She was at her desk on the third floor of
5 World Trade Center which was eventually crushed
by the collapsing towers. She was doing her
job the way she did every morning as a medical
biller in a building where just to get on the
third floor, a person had to produce a photo
ID and then have a picture taken. No one thought
it possible that terrorists would fly commercial
airplanes into the Twin Towers, or any other
building in America. Boswell didn't, not that
day.
"All of my co-workers made it out," Boswell,
a short African-American with a soft voice
and a contagious smile. "But when we got
out there was chaos."
Boswell described
a scene out of hell. When Boswell and her
co-workers made it downstairs,
she said the lobby was already crashing in.

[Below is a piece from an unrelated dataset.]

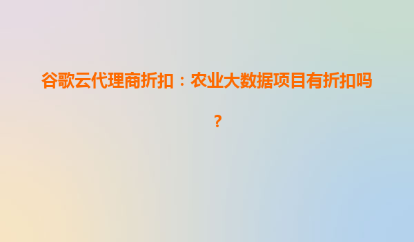 2025-04-11谷歌云代理商折扣:农业大数据项目的机遇与优势 在数字化转型浪潮中,农业领域正通过大数据技术实现效率革新。针对农业大数据项目,谷歌云代理商可为符合条件的客户提供专属折扣政策,结合谷歌云的...

People were trampling each other trying to
get out. Boswell said she helped an old lady
who, Boswell said, was "at least 80."
"She didn't want to take off her shoes," Boswell
said. "And so I snatched her and made
her take off her shoes because I told her 'I'm
not going to leave you here.' "
Boswell, who
said she's a diabetic, said she knew her
sugar was way too high that day as
she stood across the street, holding the hand
of a little old lady. "Then I look up,
I see the people holding hands and just jumping
out the windows," she said, tearing up. "I
said 'Oh my God I don't believe this!' "
People running
toward them, fleeing the carnage, told Boswell
and the lady to move back. As
they began to run with the crowd, "here
comes the second plane hitting the other building," she
said. "We see this huge fire and we're
running for our lives -- me and this 80 year
old lady, I dragged her all the way.
"We get
all the way to Broadway, get to the Brooklyn
Bridge. We were going to walk
across the Brooklyn Bridge when all we heard
was click click click that was the building
about to collapse."
Boswell said it was as if it was the last
day in the world -- some disaster of biblical
proportions. Running through the ash, not knowing
if there were more planes about to crash into
more buildings was bad enough. But running
over detached feet and hands made the scene
all the more worse.
"There was a man in front of me who was
at least six feet tall and at least 200 pounds," Boswell
said after a real deep breath. "He tripped
over a detached foot. We called, 'Mister! Mister!'
but he would not get up. I worry about this
man to this day. I wonder if he died."
She also wondered
why she made it out. After so many died after
what Boswell called a day
of "ungodly" sights, Boswell wondered
why she wasn't buried underneath the tons of
rubble known as "Ground Zero."
According to
the American Red Cross, the phenomenon known
as "survivor's guilt" is very
common in situations like the World Trade Center
disaster.
"I'm okay physically, but mentally...
I don't think I'll ever be the same," Boswell
said. "I still feel afraid. I'm angry
at everybody. If people talk too loud on the
train, it frustrates me. I couldn't even ride
the train for three days. I couldn't believe
that this happened."
Boswell said
she also had a job at Century 21, a popular
clothing store across the street
from the World Trade Center. "After knowing
I was alive I was happy," she said. "But
then I realized I was jobless from two places.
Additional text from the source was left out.